For us as pastors, it is not an issue of skill or knowledge. It is an issue of heart and proximity. If you don’t rub shoulders with nonbelievers it is easy to become complacent about reaching them for Christ.
The apostle Paul had a heart for those who were lost. If you listen carefully, you can hear passion and urgency in his words in 2 Corinthians 5.
And he has committed to us the message of reconciliation. We are therefore Christ's ambassadors, as though God were making his appeal through us. We implore you on Christ's behalf: Be reconciled to God.
Outside the walls of your church, there is a spiritual harvest waiting to be reaped. People are under stress, they are struggling financially, their relationships are strained, and for some of them, their lives are coming unraveled.
Here is the good news. People are most open to Christ during times of transition and tension. Times are ripe for a spiritual harvest. This is a time for us to be courageous and bold and aggressive in sharing the Good News of Jesus. The gospel shines most brightly against the backdrop of sin and brokenness.
Like Jesus, we must be broken for the broken.
When he saw the crowds, he had compassion on them, because they were harassed and helpless, like sheep without a shepherd. Matthew 9:36 (NIV)
The word “harassed” literally means flayed, skinned, mangled, and battered. And the word helpless literally means to be “thrown down”
The word compassion is also an interesting one. It is the word “splachna” which means “from the gut or intestines”. This word describes a visceral feeling. It means to be moved deeply to the point of action.
Even as a I write these words, I feel the conviction of the Spirit that my heart for the broken is not urgent or marked by visceral compassion. It is very easy for me to get into the routine of leading a church and go weeks without ever having a meaningful spiritual conversation with someone who is far from God.
On June 2, 1994, Air Force Captain Scott O’ Grady was shot down over Bosnia. The F-16 he was flying was cut in two by a SAM (Surface to Air Missile) shot from a truck driven by a Serbian soldier. O’ Grady was able to eject. He parachuted to the ground and hid immediately.
For the first five hours of his ordeal, he lay face down in the grass, concealed in the underbrush with Serb patrols all around him. The soldiers would randomly fire rounds into the brush, hoping that they might hit the downed pilot.
For the next six days, O’ Grady lived off bugs and rainwater. He ate ants and grass and collected dew and rain in a sponge in his survival kit. He only moved at night, and he was in danger of hypothermia.
After almost a week, he took the chance that his radio signal would be heard by American forces. The batteries in his portable transmitter were growing weak. One of the pilots in his own squadron heard his broadcast and an amazing rescue unfolded. Captain O’ Grady was rescued by a team of (4) Marines dispatched from the U.S.S. Kearsarge, an aircraft carrier in the area. The cost of weapons and machinery used to bring him home totaled more than $6 billion. In addition to the men who risked their lives to bring O’ Grady home, the arsenal of machinery included:
40 aircraft and helicopters
Two Sea Stallion helicopters
Two Sea Harriers
F/A 18 fighter bombers (from USS Theodore Roosevelt)
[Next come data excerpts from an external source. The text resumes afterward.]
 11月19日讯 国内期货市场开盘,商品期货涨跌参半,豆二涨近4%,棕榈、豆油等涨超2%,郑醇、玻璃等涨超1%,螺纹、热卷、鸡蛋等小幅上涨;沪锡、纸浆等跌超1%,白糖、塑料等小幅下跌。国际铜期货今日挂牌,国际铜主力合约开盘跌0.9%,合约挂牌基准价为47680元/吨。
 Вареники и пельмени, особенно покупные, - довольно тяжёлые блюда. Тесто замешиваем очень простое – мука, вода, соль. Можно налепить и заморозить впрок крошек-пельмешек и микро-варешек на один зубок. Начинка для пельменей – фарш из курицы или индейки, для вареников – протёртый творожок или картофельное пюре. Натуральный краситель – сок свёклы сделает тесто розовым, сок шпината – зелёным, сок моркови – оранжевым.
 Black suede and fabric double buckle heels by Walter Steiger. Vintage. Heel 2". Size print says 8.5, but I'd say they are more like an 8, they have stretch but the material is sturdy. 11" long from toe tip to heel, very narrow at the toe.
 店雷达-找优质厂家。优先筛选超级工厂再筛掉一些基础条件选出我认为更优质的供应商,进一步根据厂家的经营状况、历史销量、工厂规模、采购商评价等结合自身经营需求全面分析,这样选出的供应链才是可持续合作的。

F-16s (from Aviano Air Force Base)
F-15Es to fly cover and attack threatening ground forces
AWACs spy airplanes circling high overhead
Satellites being positioned to assist in the operation
Needless to say, they were serious about rescuing that one pilot. And the military was willing to do whatever it took to bring him home.
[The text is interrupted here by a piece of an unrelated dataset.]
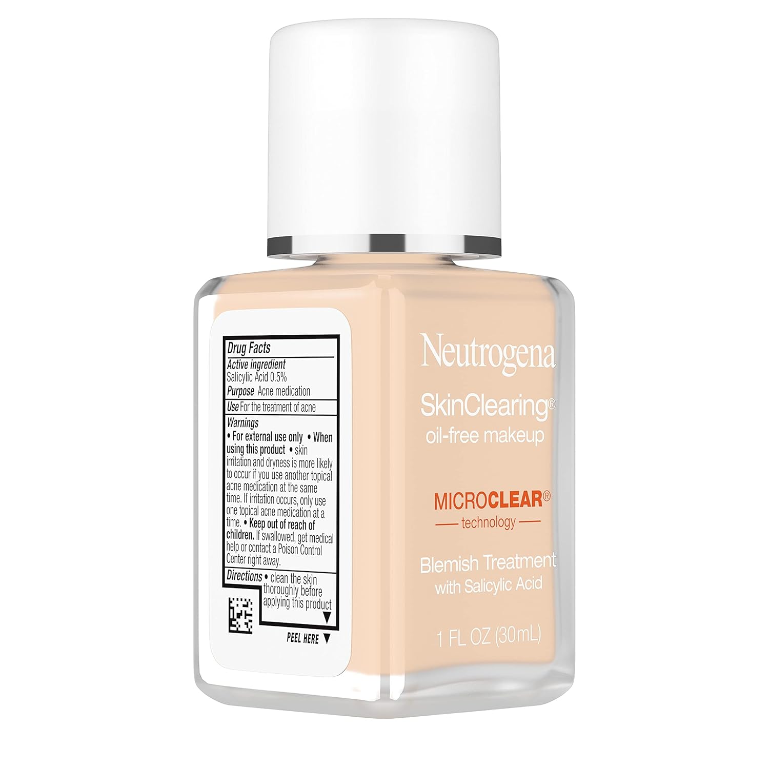 Product Description Create a natural, breathable look and feel with Neutrogena SkinClearing Oil-Free Acne Fighting Foundation Makeup. Formulated for acne-prone skin, it is the first and only liquid makeup foundation with MicroClear technology that not only treats blemishes, but also helps prevent emerging acne breakouts for clearer skin. MicroClear technology boosts the power of the .5% salicylic acid acne medicine by breaking through oil and unclogging pores for fast acne relief. Developed by dermatologists, this oil-free liquid face makeup formula controls shine and won't clog pores. It provides natural coverage for acne-prone skin and is hypoallergenic and non-comedogenic. This oil-free acne-fighting face makeup comes in a variety of shades and makes a great addition to a regular acne-prone skincare routine. Brand Story By Neutrogena Cosmetics

You see, our search reveals our values. We search for that which is valuable. If we lose something and choose not to search for it, we essentially have admitted that we place little value on it. The intensity and desperation of the search is in direct proportion to the value of that which is lost.
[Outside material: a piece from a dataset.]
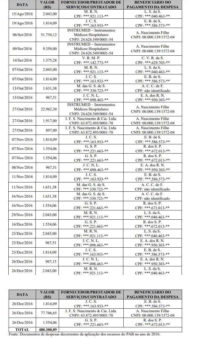 De acordo com a auditoria da Controladoria-Geral da União (CGU), o Executivo Municipal transferiu valores altos para contas correntes de pessoas físicas ou jurídicas distintas dos beneficiários, contratados, fornecedores ou prestadores de serviços identificados nas notas de empenho, ordens de pagamentos, contratos ou notas fiscais e faturas de fornecimento de bens, materiais produtos ou de serviços prestados à Secretaria Municipal de Saúde.

So, my question to you as a pastor is this… How much urgency and passion do you have for those who are far from God? Let me encourage you to engage a conversation with an unbeliever this week. Start building a relationship with someone who doesn’t know Christ. It might be a neighbor, a waitress, a parent at your kids school, or somebody that God just brings across your path this week. Remember, our search reveals what we truly value.